D’alzar la carnal sua ferita spoglia
     Cerca per sua difesa, e dice, ò figlie
     Qual nova crudeltà v’arma la voglia
     À far del sangue mio l’arme vermiglie?
     Tosto, ch’egli dà fuor l’ira, e la doglia,
     E per difesa cerca, ove s’appiglie,
     Vien fredda ogni fanciulla come un ghiaccio,
     E trema à tutte il ferro, il core, e ’l braccio.

Medea, che quelle vede afflitte, e smorte,
     Che far vacar doveano la corona,
     D’età, di membra, e d’animo più forte,
     Mentre bravando il Re non s’abbandona,
     Gli fora il collo, e datogli la morte,
     Ardita il prende sù la sua persona,
     Et à le meste figlie dà coraggio
     E dice, che ’l farà robusto, e saggio.

L’anchor credule vergini per quello,
     Che vider del decrepito montone,
     Ch’essendo morto uscì del rame agnello,
     E per lo rinovato in prima Esone,
     Credendo, che rifar giovane, e bello,
     Debbia il lor Re la moglie di Giasone,
     L’aiutano à portar con questa speme,
     Dove nel cavo rame il fonte freme.

La Maga, che quel Re ne l’onde vede,
     Ch’occupava al suo sposo il regio manto,
     Per non dar tempo à la vendetta chiede
     Il veloce dragon con novo incanto.
     Pon sopra il carro il fugitivo piede,
     E lascia le nemiche in preda al pianto,
     Che i ferri havean, che fur nel padre rei,
     Presi per vendicarsi sopra lei.

Non porge orecchie à l’alte strida, e à l’onte
     Medea, che le fanciulle à l’aria danno,
     Ma drizza il volto ad Otri à l’alto monte,
     Che dal diluvio già non hebbe danno.
     Dove Cerambo andò con altra fronte,
     Quando il vestir le penne, e non il panno,
     Dargli à le Ninfe allhora i vanni piacque,
     Che potesse fuggir l’ ira de l’acque.

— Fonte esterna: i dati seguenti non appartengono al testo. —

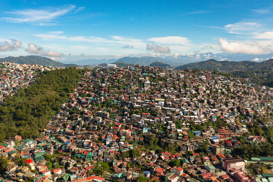 Aerial drone of Baguio City with colorful houses in a mountainous province. Philippines, Luzon.

Vede l’Eolia Pitane in disparte,
     Là dove fè il dragon di marmo il dorso,
     E vaga di veder quindi si parte,
     E ver la selva d’Ida affretta il corso.
     Dove fè Thioneo con subit’arte
     D’un toro un cervo, e al figlio diè soccorso,
     E per torlo à la morte, e à l’altrui forza
     Ascose il furto suo sott’altra scorza.

In quella arena poi le luci intese,
     Che diè sepolcro al padre di Corito,
     E dove sbigottì (quando s’intese)
     Di Mera il latrar novo il monte, e ’l lito.
     Corse da poi dove le corna prese
     Ogni donna, e fè udir l’alto muggito
     D’Euripilo nel vago, e fertil campo,
     Allhor, ch’indi partissi Hercole, e ’l campo.

Passò dove gli horribili Telchini
     Hebber si fiero l’occhio, empio l’aspetto,
     Ch’in Rodi, ov’eran magici indovini,
     Tutto quel, che vedean, rendeano infetto.
     Cangiavan gli animali, i faggi, e i pini,
     E ciò, ch’ à gli occhi lor si facea obbietto.
     Giove al fin gli hebbe in odio, e gli disperse,
     E nell’ onde fraterne gli sommerse.